- **Information shown**
--
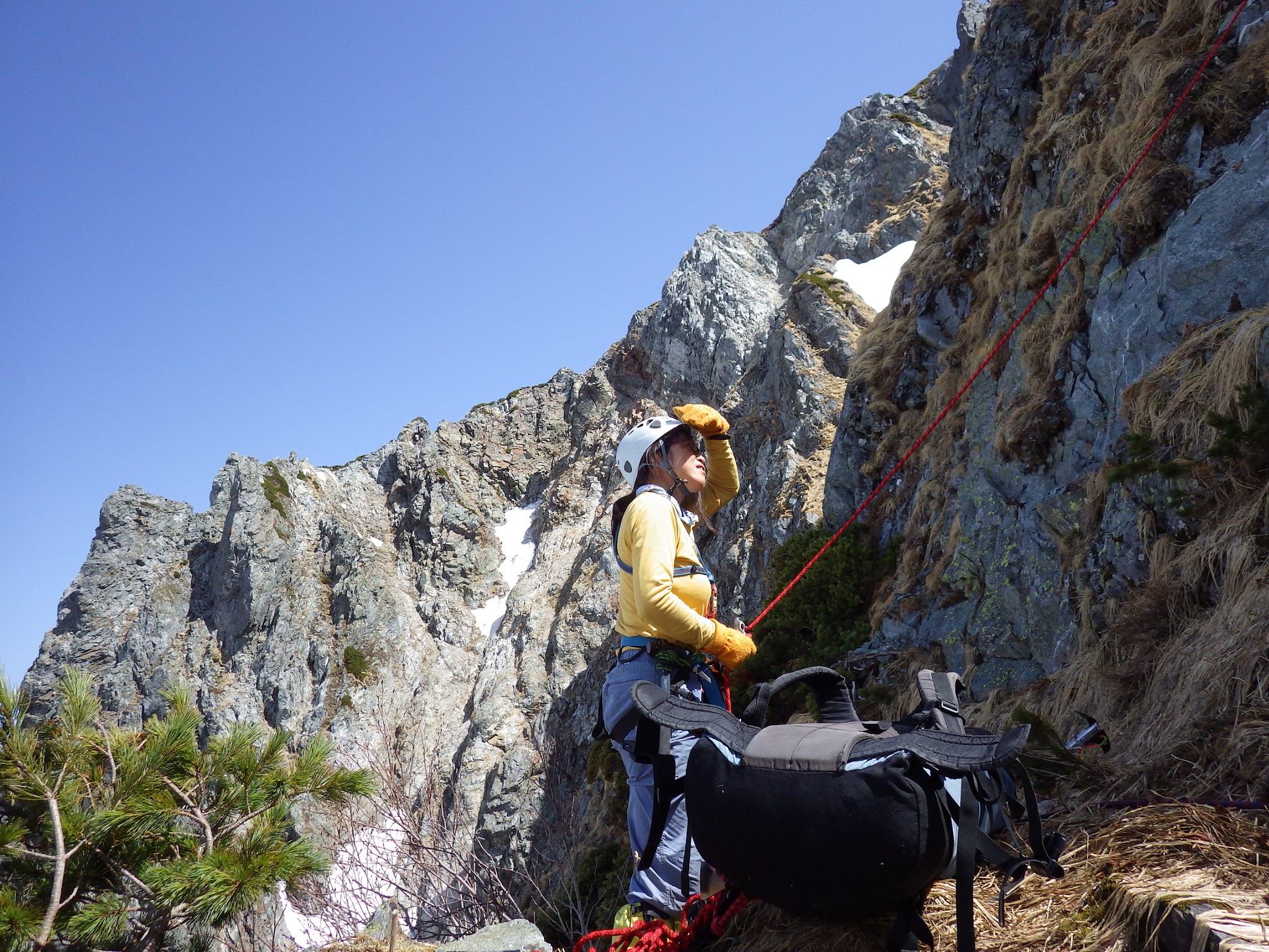 ◆メジャールートと違いルート取りに確信が持てない。最後まで気が抜けないルートを、それでもなんとかトップアウトするという緊張感を4人で共有して登った。2泊目はみな疲れぎみだったものの、無事予定のルートを下山できた。数十年間このルートに思いを寄せてきたというM中さん。また長年のザイルパートナー同士であるHTさん・OMさんの息の合ったやりとりを間近で見ることができた。とても充実した山行だった。(KM美)
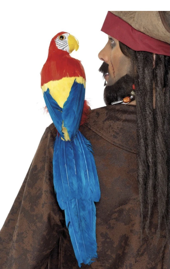 AYE AYE Captain! Complete your Pirate look with our Lifelike Parrot With Elastic holder This great accessory to any pirate costume comes with a brightly coloured Parrot made out of colourful fake feathers. The Parrot is 20 inches / 50 cms in length and has elastic to loop your arm through so the parrot sits on your shoulder
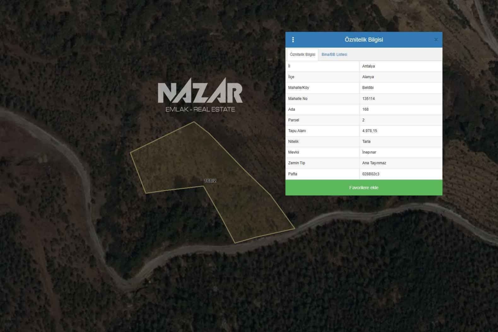 4.978 m2Alanya Beldibi Mahallesi’nde, köy yerleşim alanı içinde yer alan 4.978 m² büyüklüğündeki tarla, 168 ada 2 parsel tapu bilgisine sahiptir. Alanya şehir merkezine 45 km mesafede bulunan arazi, doğa manzarasına sahip olup yatırım ve tarımsal kullanım için uygundur.
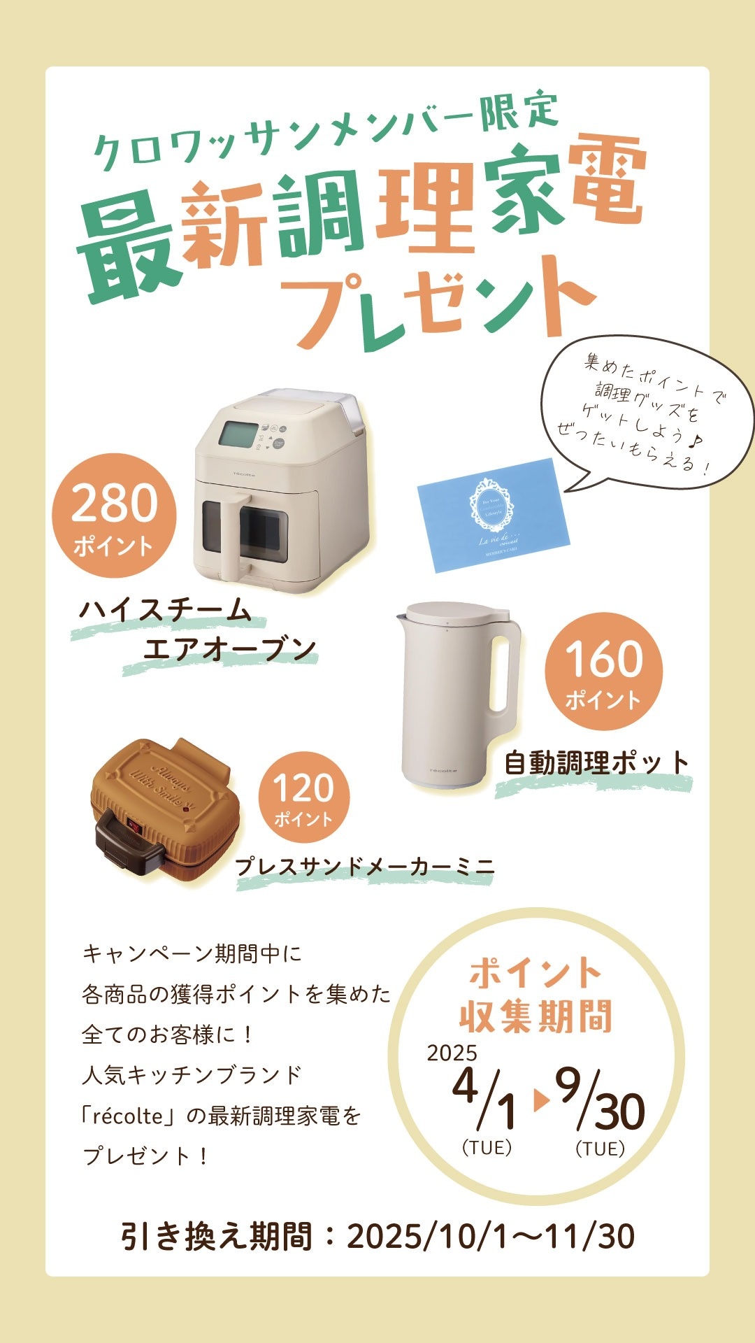 クロワッサンメンバー会員様限定でポイントを貯めると必ず最新調理家電が貰える
--
- **Try it**
Where an image appears in the data, skip it, and return the rest verbatim.

- **Solution for this task**
 ◆メジャールートと違いルート取りに確信が持てない。最後まで気が抜けないルートを、それでもなんとかトップアウトするという緊張感を4人で共有して登った。2泊目はみな疲れぎみだったものの、無事予定のルートを下山できた。数十年間このルートに思いを寄せてきたというM中さん。また長年のザイルパートナー同士であるHTさん・OMさんの息の合ったやりとりを間近で見ることができた。とても充実した山行だった。(KM美)
 AYE AYE Captain! Complete your Pirate look with our Lifelike Parrot With Elastic holder This great accessory to any pirate costume comes with a brightly coloured Parrot made out of colourful fake feathers. The Parrot is 20 inches / 50 cms in length and has elastic to loop your arm through so the parrot sits on your shoulder
 4.978 m2Alanya Beldibi Mahallesi’nde, köy yerleşim alanı içinde yer alan 4.978 m² büyüklüğündeki tarla, 168 ada 2 parsel tapu bilgisine sahiptir. Alanya şehir merkezine 45 km mesafede bulunan arazi, doğa manzarasına sahip olup yatırım ve tarımsal kullanım için uygundur.
 クロワッサンメンバー会員様限定でポイントを貯めると必ず最新調理家電が貰える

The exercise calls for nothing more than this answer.